Definition

normal distribution

What is normal distribution?

A normal distribution is a type of continuous probability distribution in which most data points cluster toward the middle of the range, while the rest taper off symmetrically toward either extreme. The middle of the range is also known as the mean of the distribution.

The normal distribution is also known as a Gaussian distribution or probability bell curve. It is symmetric about the mean and indicates that values near the mean occur more frequently than the values that are farther away from the mean.

Normal distribution explained

Graphically, a normal distribution is a bell curve because of its flared shape. The precise shape can vary according to the distribution of the values within the population. The population is the entire set of data points that are part of the distribution.

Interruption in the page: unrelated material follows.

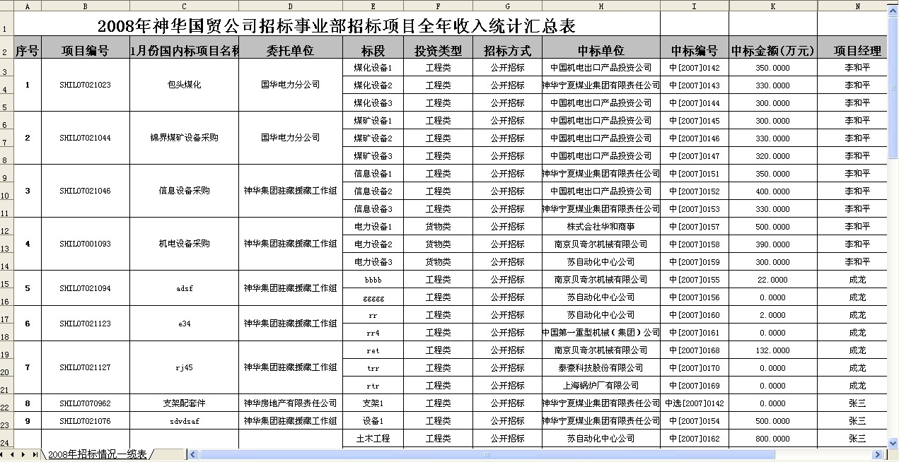 这个也是动态画的,用了个简单的模板,模板就一个表头,没多大意义,除非表头很复杂而且在列表中不需要重画,考虑模板就比较好,向上面那个一月份国际的和其它月份的都是需要重画表头的。至于合并,如果不是嵌套的合并,我们可以在向模板循环写数据的时候直接控制,比如下面一个简单的写法: 复制代码 代码如下: for (i = 0; i < table.Rows.Count; i++) { bidName = table.Rows[index]["BIDNAME"].ToString(); if (table.Rows[i]["BIDNAME"].ToString() == bidName) { projNum++; worksheet.Cells[5 + i, 2] = table.Rows[i]["PROJNO"]; worksheet.Cells[5 + i, 3] = table.Rows[i]["PROJNAME"]; worksheet.Cells[5 + i, 4] = table.Rows[i]["STAT_DATE"]; worksheet.Cells[5 + i, 5] = table.Rows[i]["PROJTYPE"]; worksheet.Cells[5 + i, 6] = table.Rows[i]["CONTENT"]; worksheet.Cells[5 + i, 7] = table.Rows[i]["OPENDT"]; worksheet.Cells[5 + i, 8] = table.Rows[i]["OPENADDRESS"]; worksheet.Cells[5 + i, 9] = table.Rows[i]["REV_DATE"]; worksheet.Cells[5 + i, 10] = table.Rows[i]["BID_UNIT"]; worksheet.Cells[5 + i, 11] = table.Rows[i]["AGT_AMOUNT"]; worksheet.Cells[5 + i, 12] = table.Rows[i]["CURRENCY"] + ":" + table.Rows[i]["BIDSER_AMOUNT"]; worksheet.Cells[5 + i, 13] = table.Rows[i]["SENDDATE"]; worksheet.Cells[5 + i, 14] = table.Rows[i]["CURRENCY"] + ":" + table.Rows[i]["BIDPRICE"]; worksheet.Cells[5 + i, 15] = table.Rows[i]["BOOKAMOUNT"]; worksheet.Cells[5 + i, 16] = table.Rows[i]["CURRENCY"] + ":" + table.Rows[i]["BAIL_AMOUNT"]; worksheet.Cells[5 + i, 17] = table.Rows[i]["USERNAME"]; worksheet.Cells[5 + i, 18] = table.Rows[i]["SECOND_USER"]; worksheet.Cells[5 + i, 19] = ""; worksheet.get_Range(worksheet.Cells[5 + i, 1], worksheet.Cells[5 + i, 19]).Borders.Color = System.Drawing.ColorTranslator.ToOle(System.Drawing.Color.Black); continue; }

Regardless of its exact shape, a normal distribution bell curve is always symmetrical about the mean. A symmetrical distribution means that a vertical dividing line drawn through the maximum/mean value will produce two mirror images on either side of the line, in which half the population is less than the mean and half is greater. However, the reverse is not always true; that is, not all symmetrical distributions are normal. In the bell curve, the peak is always in the middle, and the mean, mode and median are all the same.

normal distribution bell curve
A normal distribution bell curve is always symmetrical about the mean.

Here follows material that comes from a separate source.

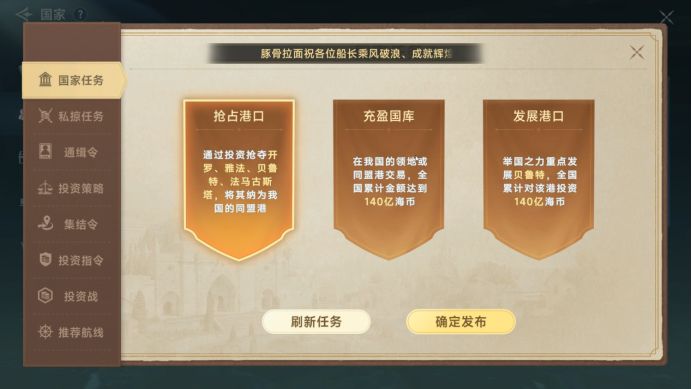 2)玩法心得:在此三种选项中”充盈国库”是完成时间最长的,我也建议将充盈国库当做国家任务的唯一选项,如果起手三个任务未包含”充盈国库”,请使用”刷新任务”选项直至刷新出”充盈国库”的国家任务。因为其他两项国家任务完成时间太短,容易让很多“早睡晚起”的玩家错过参与国家任务的机会。且以港口投资为手段,尤其是大投资战前夕,很容易空耗国力。国家投资策略也需要国库资金支持,充盈国库也会为后续国家发展给予支持。(国家投资策略会在后文中详细解释)国家任意顾问可以在周二和周五零点发布国家任务。

Basic examples of normal distribution: Height and weight

Height is one simple example of values that follow a normal distribution pattern. Most people are of average height -- whatever that may be for a given population. If the heights of these people are represented in graphical format along with the heights of people who are taller and shorter than the average, the distribution will always be a normal distribution. This is because the people of average height will be clustered near the middle, while those who are taller and shorter will be farther away.

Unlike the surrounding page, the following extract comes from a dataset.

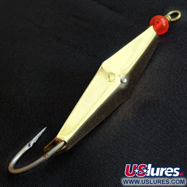 Sur la face interne est gravée la mention « THE GENUINE CLARK SQUID ST. PETE., FLA. », attestant qu'il s'agit d'une création authentique de James E. Clark provenant de la côte de Floride. Pesant 8 g (1/4 oz), ce leurre présente un profil en losange avec une finition plaquée or poli qui renvoie la lumière par de multiples facettes. Une unique perle rouge est positionnée à la tête, près de l'œillet d'attache, apportant un accent visuel subtil sur le corps métallique. Sa conception anti-herbe utilise un hameçon simple renforcé fixé par une vis centrale, une signature de l'approche fonctionnelle du fabricant pour la pêche côtière. Cet exemplaire, identifié par le code produit 18817, est dans un état 5/5, conservant une surface réfléchissante éclatante et un armement impeccable. L'hameçon est intégré à la géométrie de la cuiller via un petit bloc de montage sur la face concave.

Further, these latter groups will consist of very small numbers of people. The number of people who are extremely tall or extremely short will be even smaller, so they will be the farthest away from the mean.

Similarly, weight can also follow a normal distribution if the average weight of the population under consideration is known. Like height, the weight outliers will be those who weigh more or less than the average. The bigger the deviation from the average, the farther away those data points will be on the distribution graph.

Importance of normal distribution

The normal distribution is one of the most important probability distributions for independent random variables for three main reasons.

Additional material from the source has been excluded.